Uncertainty Scale Measurement

The MUIS was used in this study. It is a 28-item checklist that measures uncertainty and ambiguity in terms of symptoms, diagnoses, treatments, relationships with caregivers, and planning for the future. It assesses four dimensions (ambiguity, complexity, inconsistency and unpredictability) on a 5-point Likert scale (from 1- strongly disagree, to 5- strongly agree)37. The reliability of the MUIS has been determined as from adequate to excellent and demonstrates good validity, as well as the Chinese version18,19. Score of MUIS ranges from 28–140. A higher MUIS score indicates a higher level of uncertainty. We described MUIS score of ≥84 as high illness uncertainty group.

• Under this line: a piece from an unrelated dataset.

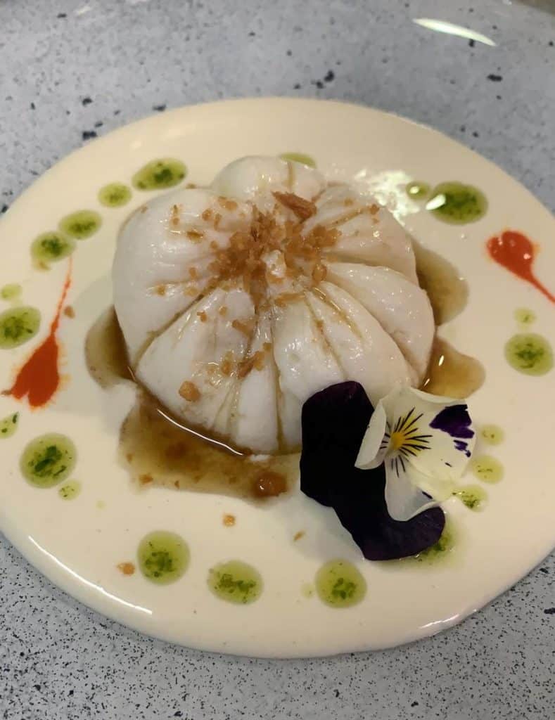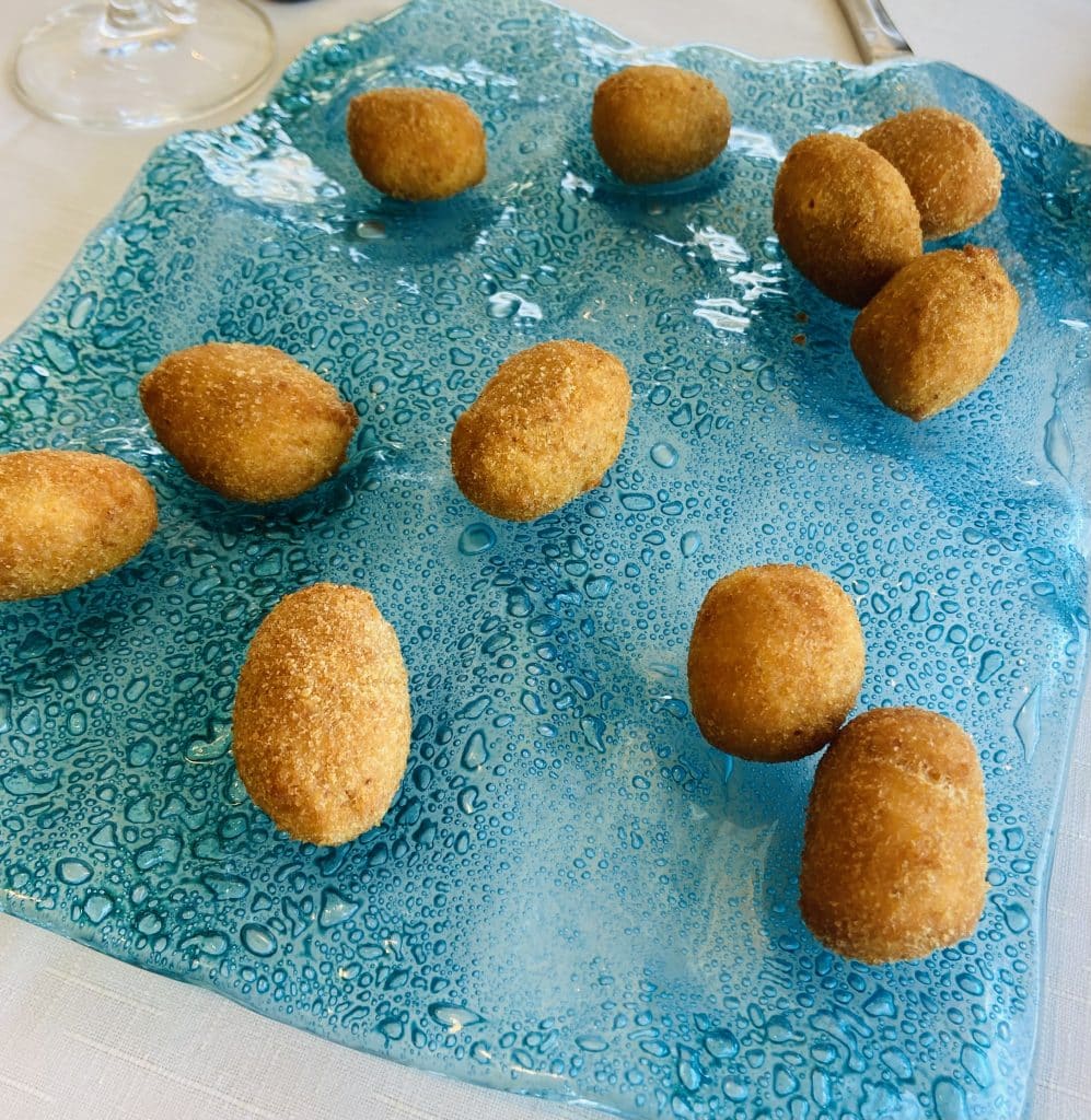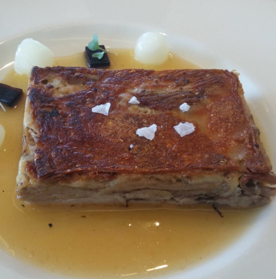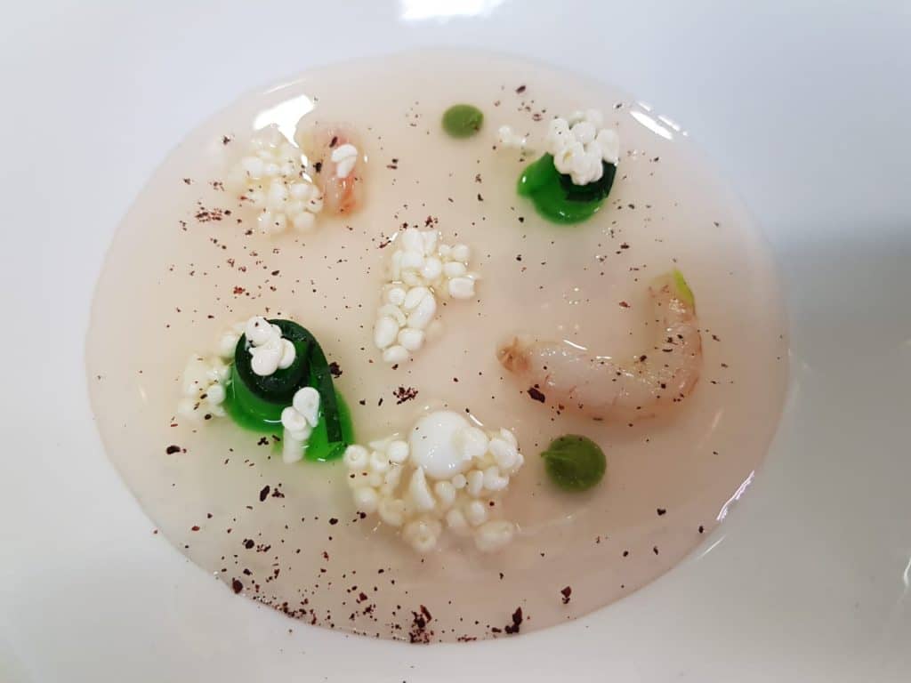 Puedes empezar con unos ricos entrantes, que van cambiando a lo largo del año. En este caso, una sopita de talo, con esferificación de gilda y croqueta de txistorra.

Anxiety and Depression Scale Measurement

The self-rating HADS was used in this study. It is a 14-item checklist on a 4-point Likert scale (from 0- strongly disagree, to 3- strongly agree) with 7 the items to assess anxiety (HADS-A) and another 7 to evaluate depression (HADS-D)38. The summary score of HADS ranges from 0–64, and score ≥8 in HADS-A/D indicates possible anxiety/depression39. A higher summary score from a patients’ self-rating indicates more severe anxiety and depression. The reliability and validity of the Chinese version of the HADS has been reported before40.

Statistical analysis

The data were analyzed using SPSS17.0 software. The data were given as mean ± SD. Chi square test and t test (for normally distributed data) were performed for categorical variables and continuous data respectively, to examine the differences of participants’ clinical characteristics. If the data were not normally distributed (measured by Shapiro-Wilk value), the non-parametric test was applied instead. A univariate logistic regression was conducted to identify the influential factors for high illness uncertainty, anxiety and depression. All variables that were significant at p < 0.1 in the univariate logistic analysis were included into the multivariate stepwise logistic regression models after controlling age and sex as confounding factors. Statistical significance was accepted at p < 0.05.